# Aim of the task:
Among the entries below, which lines run from the line with "Meir Laufer. Er" through the line with "The main design"? Retype those, both ends included, exactly and without pictures.

# Given records:
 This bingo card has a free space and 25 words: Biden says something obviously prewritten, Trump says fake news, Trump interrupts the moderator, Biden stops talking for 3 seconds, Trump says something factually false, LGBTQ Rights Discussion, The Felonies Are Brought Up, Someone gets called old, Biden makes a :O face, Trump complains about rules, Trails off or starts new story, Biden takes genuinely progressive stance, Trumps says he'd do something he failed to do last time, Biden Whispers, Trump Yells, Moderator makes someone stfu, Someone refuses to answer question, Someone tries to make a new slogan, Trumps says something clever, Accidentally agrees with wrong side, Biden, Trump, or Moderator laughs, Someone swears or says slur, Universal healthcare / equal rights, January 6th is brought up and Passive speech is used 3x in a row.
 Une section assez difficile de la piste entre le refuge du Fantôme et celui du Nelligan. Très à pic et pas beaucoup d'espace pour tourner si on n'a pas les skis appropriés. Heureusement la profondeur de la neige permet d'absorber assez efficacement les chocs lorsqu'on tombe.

---

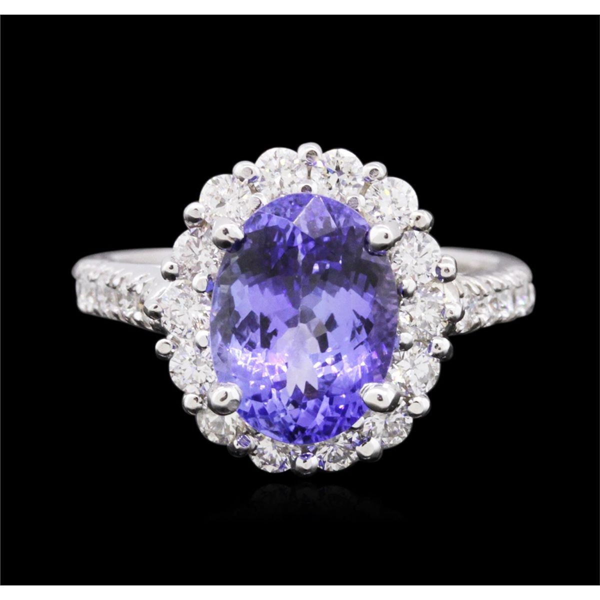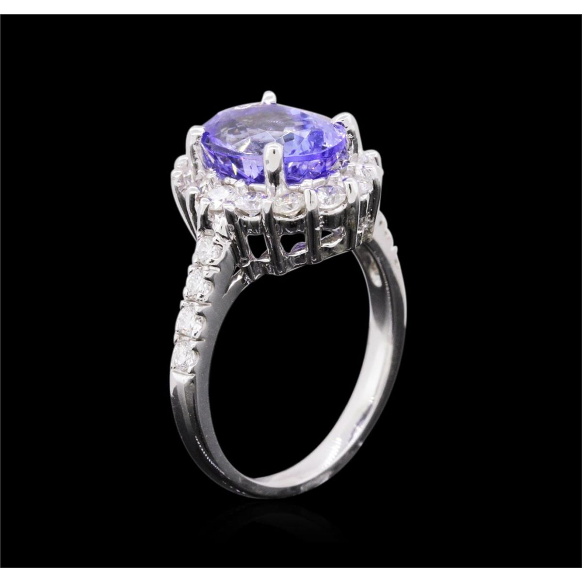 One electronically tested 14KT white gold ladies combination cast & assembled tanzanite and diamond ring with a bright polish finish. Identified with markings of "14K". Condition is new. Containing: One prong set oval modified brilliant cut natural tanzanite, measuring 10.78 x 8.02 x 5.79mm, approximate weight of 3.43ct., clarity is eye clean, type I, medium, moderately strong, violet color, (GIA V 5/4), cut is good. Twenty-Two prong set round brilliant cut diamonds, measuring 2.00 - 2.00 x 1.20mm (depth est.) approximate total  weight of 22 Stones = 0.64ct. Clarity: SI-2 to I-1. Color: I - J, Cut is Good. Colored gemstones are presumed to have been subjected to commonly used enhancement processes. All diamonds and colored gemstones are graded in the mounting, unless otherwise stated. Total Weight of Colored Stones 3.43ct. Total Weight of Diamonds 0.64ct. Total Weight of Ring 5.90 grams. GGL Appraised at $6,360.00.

* * *

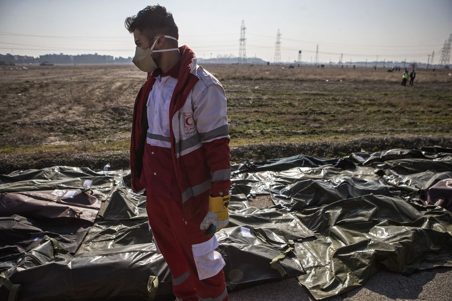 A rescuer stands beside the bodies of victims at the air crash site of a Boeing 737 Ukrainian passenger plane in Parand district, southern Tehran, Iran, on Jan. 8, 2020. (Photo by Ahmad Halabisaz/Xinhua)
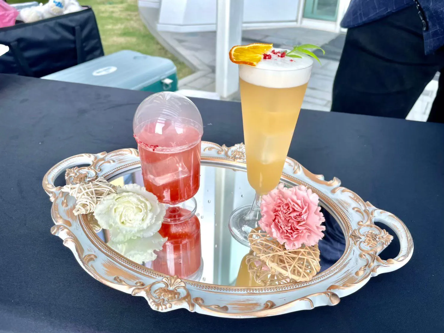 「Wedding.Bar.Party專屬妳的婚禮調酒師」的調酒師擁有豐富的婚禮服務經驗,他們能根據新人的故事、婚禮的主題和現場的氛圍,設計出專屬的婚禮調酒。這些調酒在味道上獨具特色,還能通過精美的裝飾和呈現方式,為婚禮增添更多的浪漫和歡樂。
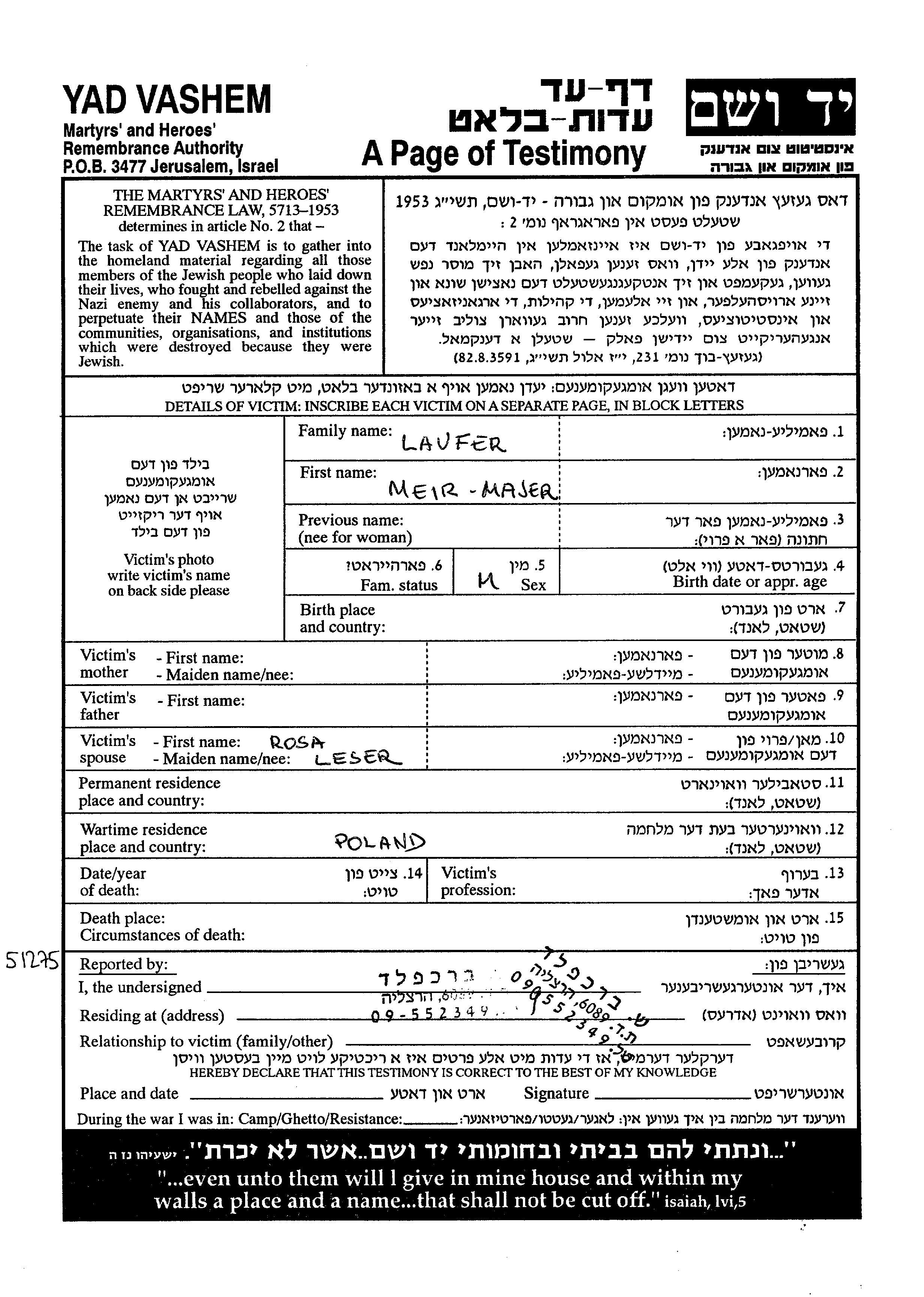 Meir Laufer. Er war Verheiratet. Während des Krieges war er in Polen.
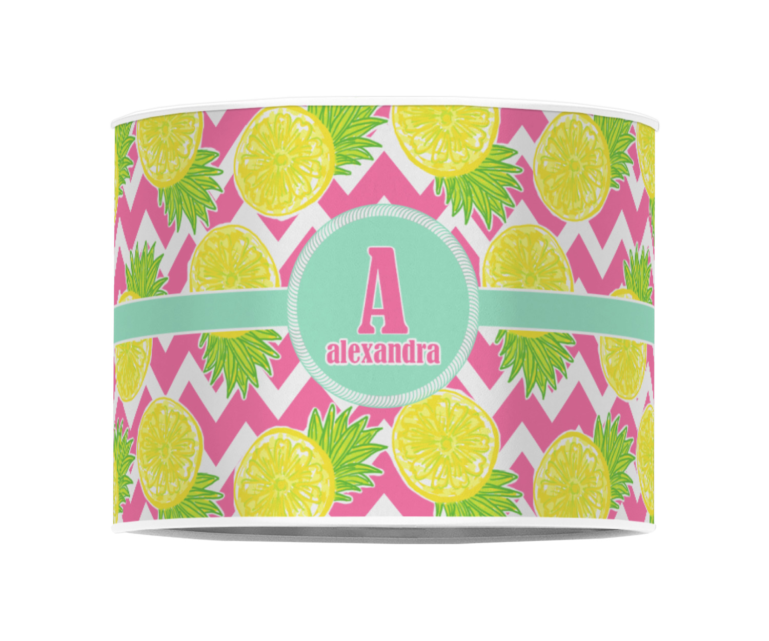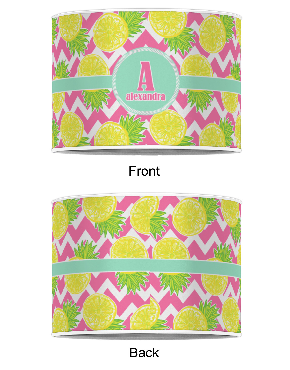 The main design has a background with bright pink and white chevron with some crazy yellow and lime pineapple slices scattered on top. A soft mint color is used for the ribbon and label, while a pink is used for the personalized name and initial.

# Response to this task:
 Meir Laufer. Er war Verheiratet. Während des Krieges war er in Polen.
 The main design has a background with bright pink and white chevron with some crazy yellow and lime pineapple slices scattered on top. A soft mint color is used for the ribbon and label, while a pink is used for the personalized name and initial.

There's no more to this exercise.